Leveraging Label Information for Multimodal Emotion Recognition

Peiying Wang,Sunlu Zeng,Junqing Chen,Lu Fan,Meng Chen,Youzheng Wu,Xiaodong He
2023-09-05
Abstract:Multimodal emotion recognition (MER) aims to detect the emotional status of a given expression by combining the speech and text information. Intuitively, label information should be capable of helping the model locate the salient tokens/frames relevant to the specific emotion, which finally facilitates the MER task. Inspired by this, we propose a novel approach for MER by leveraging label information. Specifically, we first obtain the representative label embeddings for both text and speech modalities, then learn the label-enhanced text/speech representations for each utterance via label-token and label-frame interactions. Finally, we devise a novel label-guided attentive fusion module to fuse the label-aware text and speech representations for emotion classification. Extensive experiments were conducted on the public IEMOCAP dataset, and experimental results demonstrate that our proposed approach outperforms existing baselines and achieves new state-of-the-art performance.

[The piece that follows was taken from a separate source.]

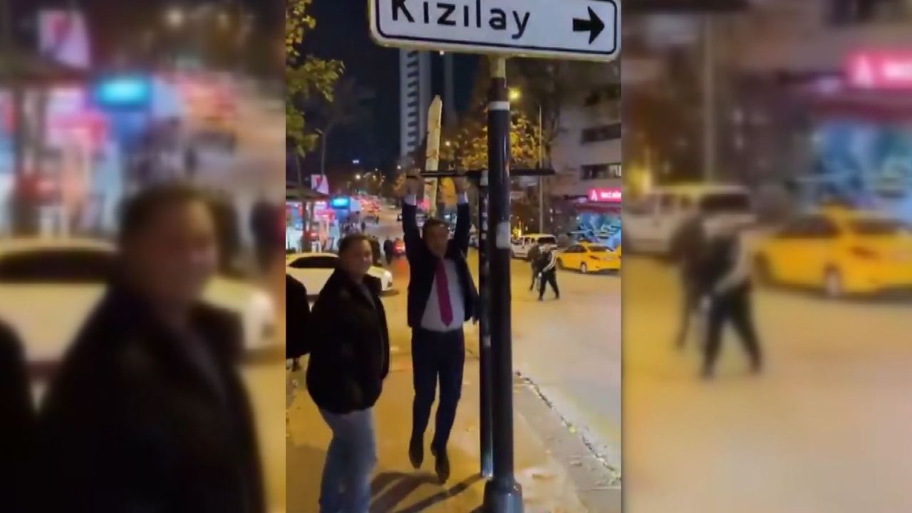 ANKARA, (DHA)- CHP Erzincan Milletvekili Mustafa Sarıgül, gençlerin asılarak fotoğraf çektirdiği 'Kızılay' yön tabelasının yanındaki demirde poz vererek vatandaşlarla bir araya geldi.

Computation and Language,Artificial Intelligence,Machine Learning,Audio and Speech Processing
What problem does this paper attempt to address?
The paper attempts to address the problem of how to utilize label information to enhance the model's ability to recognize important text and speech segments related to specific emotions in the task of Multimodal Emotion Recognition (MER). Specifically, most existing methods only use labels as supervisory signals, ignoring the rich semantic information carried by the labels themselves. The authors believe that by leveraging this label information, the model can better understand the input expressions and more accurately locate salient words/frames related to specific emotions, thereby improving the effectiveness of emotion recognition. To achieve this goal, the paper proposes a new method that enhances text and speech representations by introducing label embedding, and further designs a label-guided attentive fusion module to fuse label-aware text and speech representations for final emotion classification. Experimental results show that this method achieves new state-of-the-art performance on the public IEMOCAP dataset.